Strategy & the test pyramid

What to test, and at what level.

Advanced14 min · lesson 9 of 12

Because Terratest tests are slow and cost money, the strategic question is not “test everything” but “what is worth a real deploy.” The testing pyramid applies to infrastructure: a wide base of fast static checks (format, validate, Checkov, policy), a middle of plan-level and unit-ish tests, and a narrow top of full integration tests with Terratest. You do not Terratest every variable permutation — you Terratest the module’s core promise and the integrations that only real deploys can prove.

The infrastructure testing pyramid
top — few, slow, high-value
Terratest
real deploy + behavior
middle
plan / native tests
resolved values, cheap
policy (OPA/Conftest)
guardrails on the plan
base — many, instant, free
fmt / validate
syntax + schema
Checkov / lint
static misconfig
Push checks down the pyramid where you can. Reserve Terratest for behavior that only a real deploy proves.

What to actually test

Good Terratest targets: a reusable module’s happy path (given typical inputs, it produces working, correctly-configured infrastructure), critical security properties that must hold at runtime (the private subnet is really unreachable, the bucket really rejects public access), and integration seams (this module composes with that one). Skip things a cheaper layer already covers — a static scan already knows the bucket has encryption declared; Terratest is for “and it actually works.”
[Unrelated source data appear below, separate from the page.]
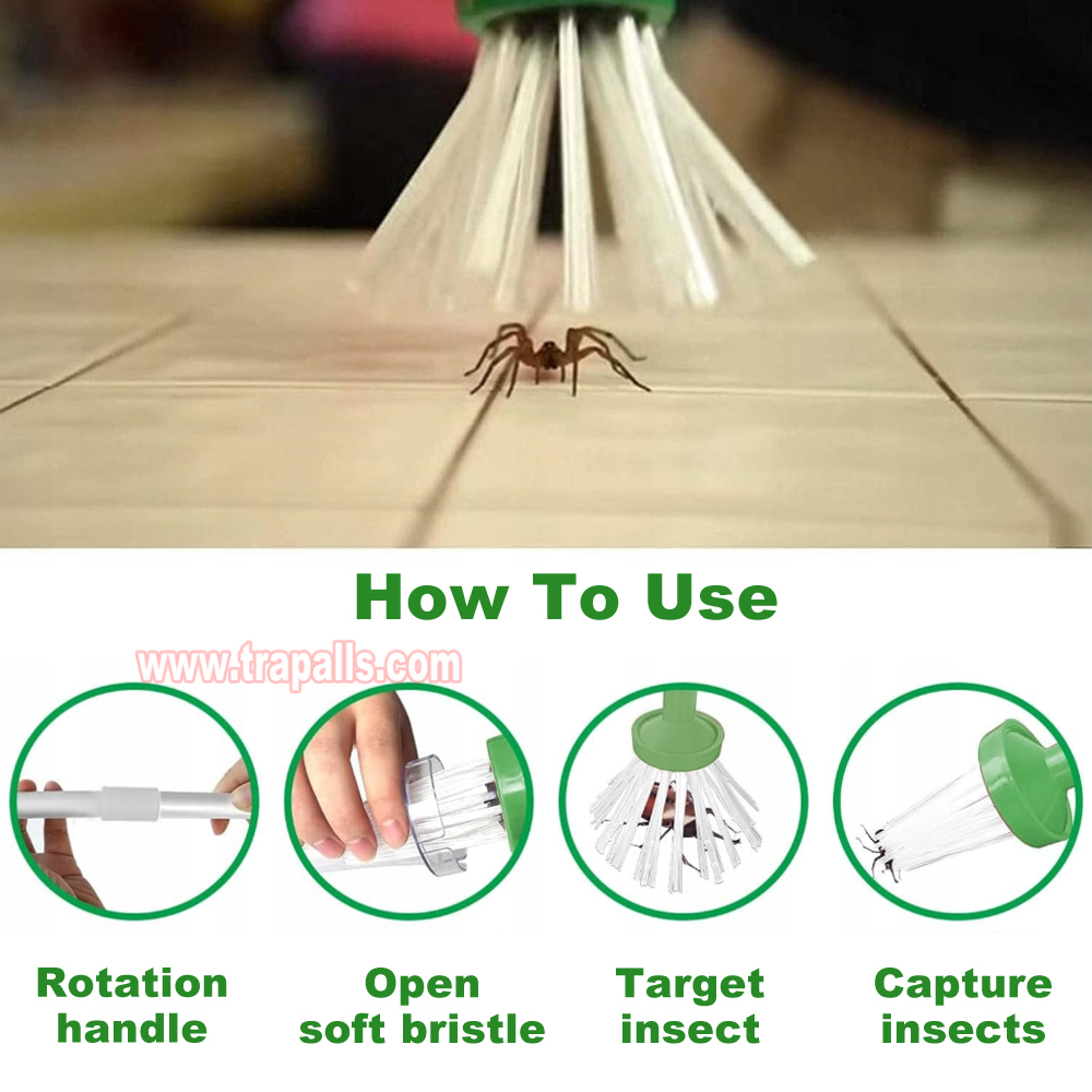 1. Humane, safe and harmless. Designed with soft bristles to capture spiders and insects humanely without causing harm, enabling safe catch-and-release. Users can handle insectswithout direct contact, eliminating therisk of bites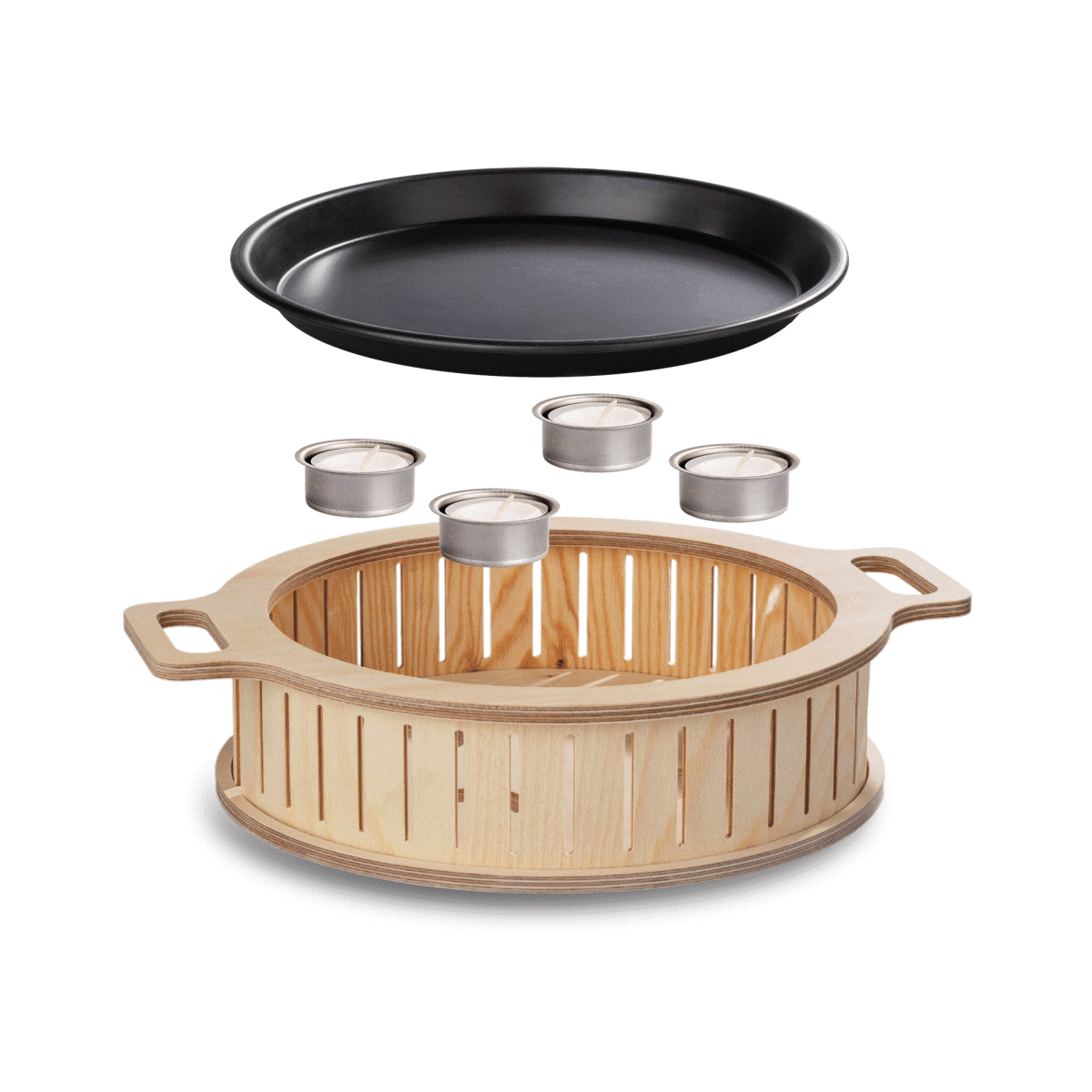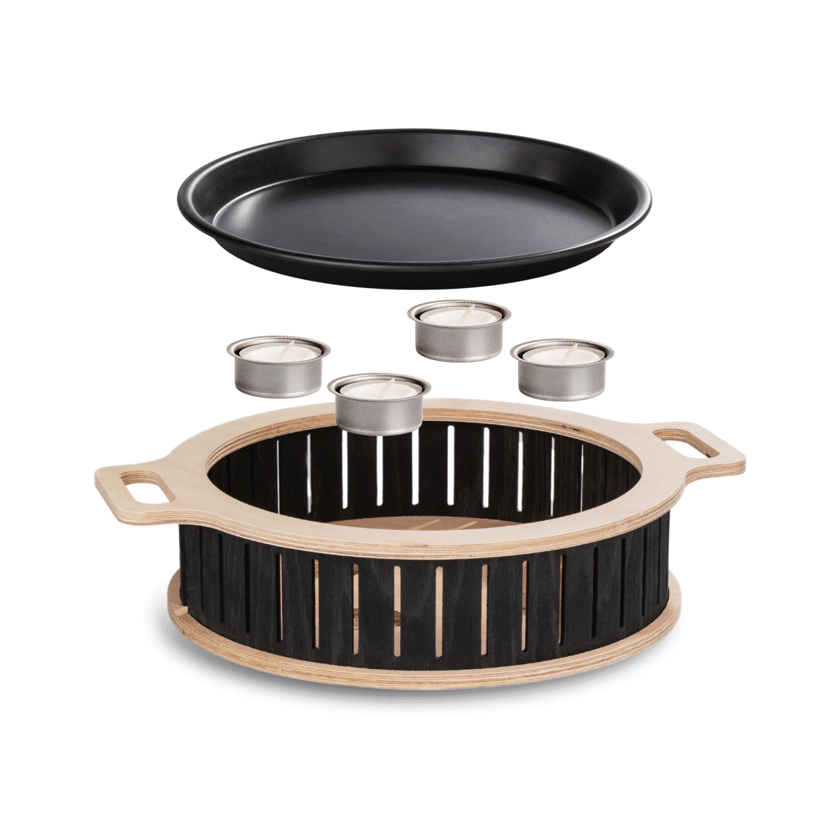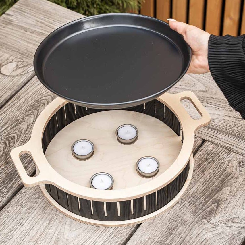 Did your 8th potato crash through the grill grate? You can place the Hotty Halo's tray on the grill and use it like a plancha. The finished food then simply sits over the candles and stays warm until everyone is full.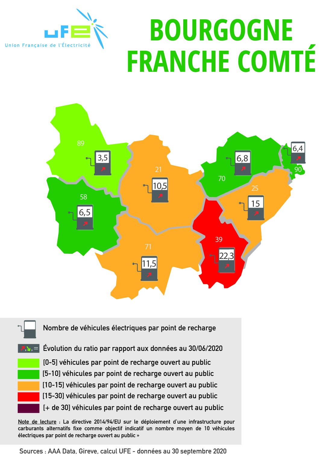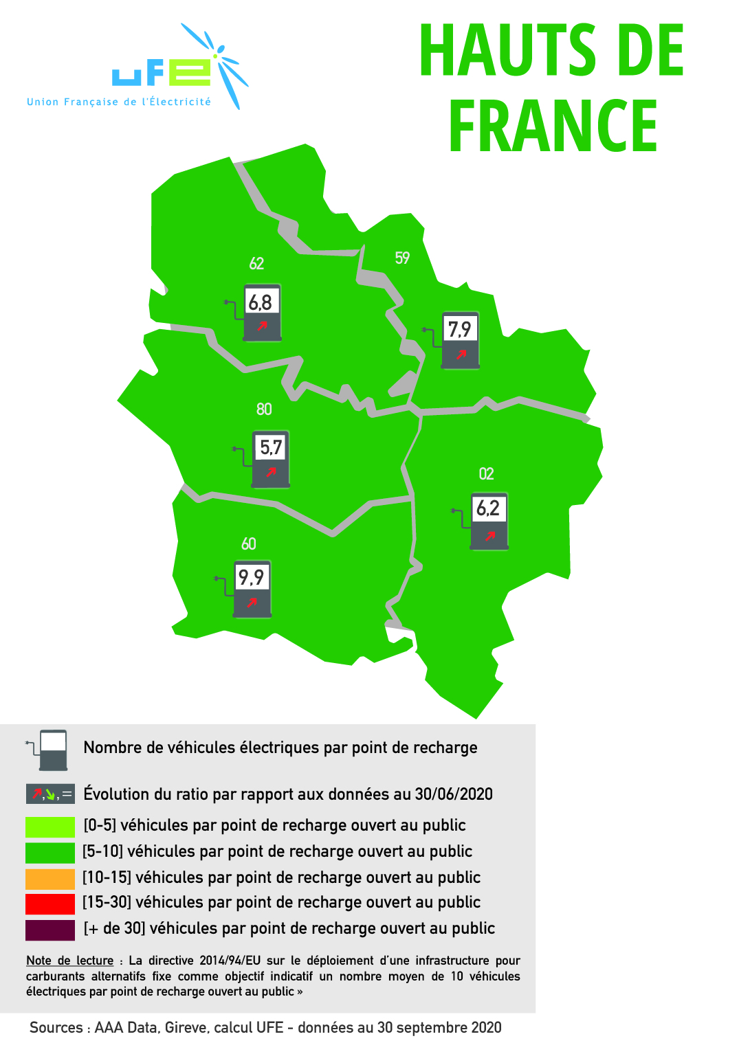 Même si les déterminants de cette répartition peuvent varier d’un territoire à l’autre, le chiffre affiché par territoire traduit le niveau de saturation des IRVE accessibles au public, au regard du parc de véhicules électriques immatriculés dans un département ou une région. Avec ces cartes, il est donc possible de visualiser si un territoire respecte le ratio de 1 pour 10[[La directive sur le déploiement d’une infrastructure pour carburants alternatif 2014/94/EU a défini un ratio optimal de 1 point de recharge pour 10 véhicules électriques pour déployer le nombre suffisant de points de recharge des véhicules électriques dans l’Union Européenne.]] utilisé comme référence pour la détermination de l’objectif de « 100 000 bornes » pour la fin de l’année 2021 et mis en avant dans le plan de soutien à la filière automobile le 26 mai dernier.

Over-testing with Terratest is slow and expensive
Every Terratest case is a real deploy costing minutes and money, so a suite that exhaustively tests trivial permutations becomes a slow, pricey bottleneck teams start skipping. Move everything you can to the fast, free layers (validate, Checkov, plan tests), and reserve Terratest for the high-value behavioral and integration cases that justify a real deploy. Right-sizing the suite is as important as writing it.